To find the value of tan(2x), first use the formula tan(2x) = (2tan(x))/(1-tan^2(x)). Then, substitute the values of cos(x-y) and sin(x+y) into the formula for tan(x).
The relationship between tan(2x), cos(x-y), and sin(x+y) can be understood by using the double angle identities for tangent, cosine, and sine. Specifically, tan(2x) = (2tan(x))/(1-tan^2(x)), cos(x-y) = cos(x)cos(y) + sin(x)sin(y), and sin(x+y) = sin(x)cos(y) + cos(x)sin(y).
To simplify the expression tan(2x), first use the formula tan(2x) = (2tan(x))/(1-tan^2(x)). Then, substitute the values of cos(x-y) and sin(x+y) into the formula for tan(x). Finally, simplify the resulting expression using algebraic manipulations.

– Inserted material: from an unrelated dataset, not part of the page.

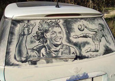 Scott Wade es un artista que, desde hace años, se especializa en realizar sus trabajos en los cristales sucios de los automóviles. El portal de Globo señala que el plástico, en lugar de escribir las frases típicas que todos alguna vez escribimos en los vidrios de autos y ómnibus, hace uso de su talento para crear obras un tanto perecederas.Es así que, el mes que viene, en el Festival de Arte de Atlanta, en Estados Unidos, el talentoso artista expondrá algunos de sus trabajos más logrados. Entre ellos puede verse un retrato de Ronaldinho Gaucho, una familia completa gritando desde el interior del vehículo, y una réplica de la Mona Lisa de Leonardo.
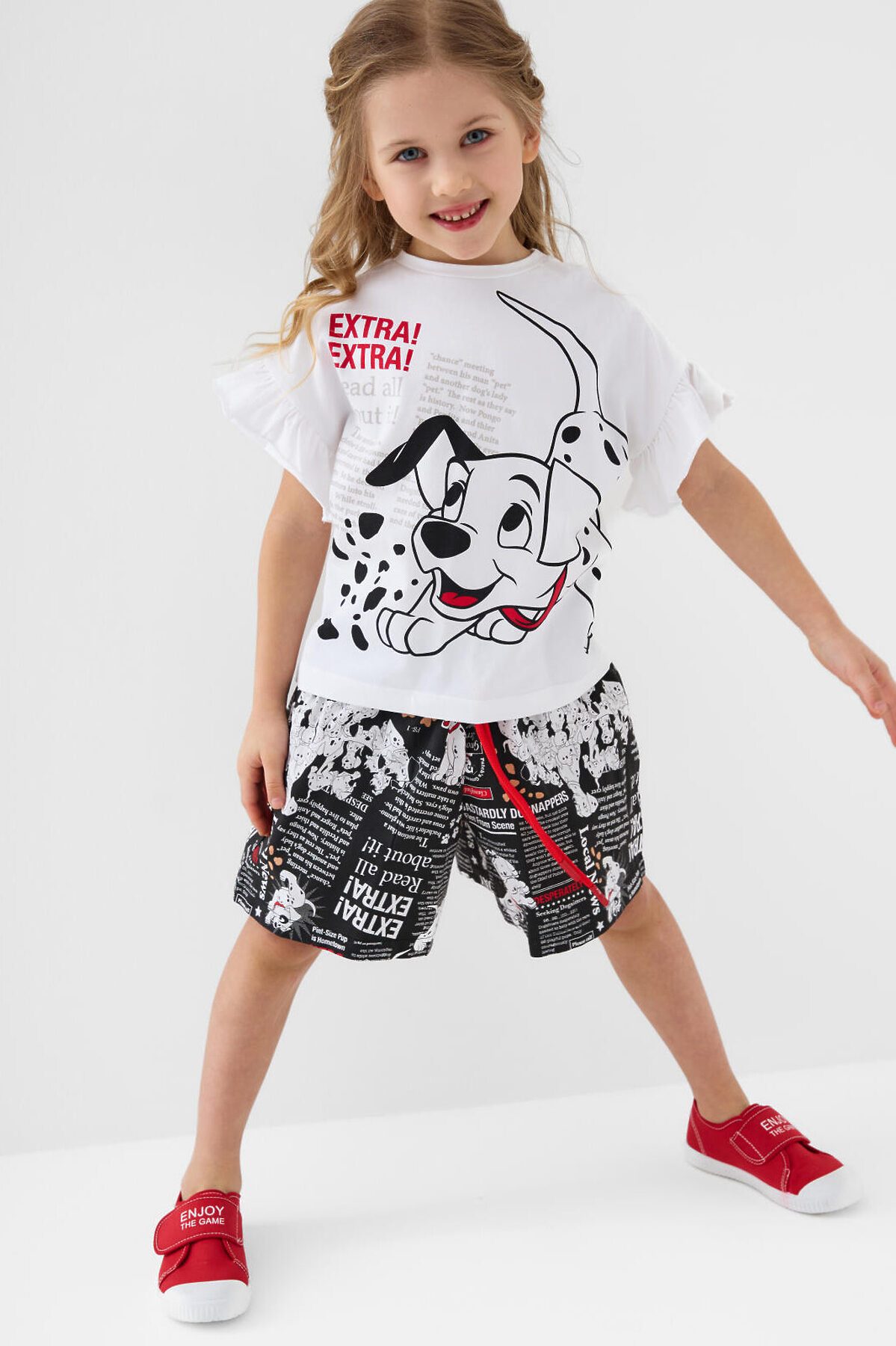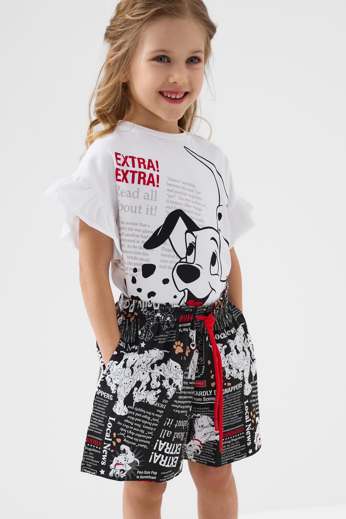 Детский костюм для девочки. Состоит из футболки с коротким рукавом и шорт. Выполнен из хлопкового трикотажа. Футболка свободного кроя, с красочным принтом с любимыми мультяшными персонажами "101 далматинец". Декоративные сборки по рукавам. Шорты свободные, хорошо сидят на талии благодаря эластичному поясу и регулирующему шнурку. Удобные боковые карманы.

Yes, there are some alternative methods for finding the value of tan(2x) when given cosine of x-y and sine of x+y. One method is to use the half angle identities for tangent, which states that tan(2x) = (sin(2x))/(cos(2x)) = (2sin(x)cos(x))/(cos^2(x)-sin^2(x)). Another method is to use the Pythagorean identity for tangent, which states that tan^2(x) = sec^2(x) - 1.